Toowoon Bay is a suburb of the Central Coast region of New South Wales, Australia, located on a peninsula between Tuggerah Lake and the Pacific Ocean south of The Entrance. It is part of the local government area.

== Location ==
Toowoon Bay's village centre is within The Entrance district and is situated at the intersection of Toowoon Bay Rd and Bay Rd (which is a tourist route to The Entrance).

The Toowoon Bay beach is located at the eastern end of Toowoon Bay Rd with access from Bay Road (250 metres south of the village intersection). The beach is patrolled by Central Coast Council Lifeguard's during week days and lifesaver volunteers from the Toowoon Bay SLSC on weekends during summer. The Toowoon Bay SLSC has a strong local following within The Entrance district. In 2005, the Toowoon Bay SLSC had a new clubhouse constructed.

The beach is popular for swimming and fishing, with a gentle surf as the beach is protected from winds and strong currents. Sail boarding and kite surfing are popular out on the bay.

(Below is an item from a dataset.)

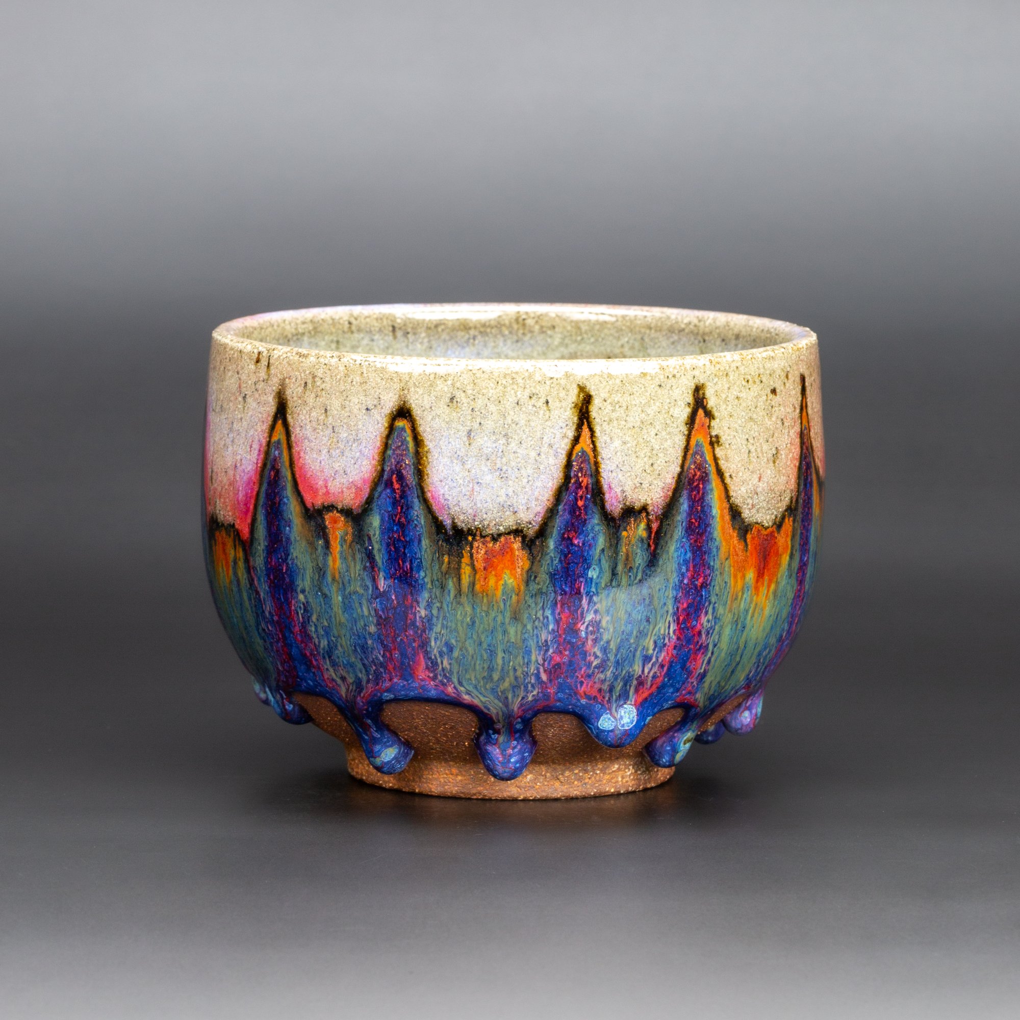 Wheel thrown Laguna Los Altos stoneware, layered and hand painted glazes, reduction fired to 1310 degrees C.

The closest shopping centre with full supermarket, banks, and general retail is at The Entrance. It is also at The Entrance where recreation facilities including the ocean baths, cricket pitch, and memorial park are located.

== Education ==

Children from Toowoon Bay are in the area for The Entrance Public School.

== Transport ==
Toowoon Bay is serviced by The Entrance Red Bus Service with one route to The Entrance. The closest railway station is Tuggerah railway station which is serviced by the Central Coast & Newcastle Line.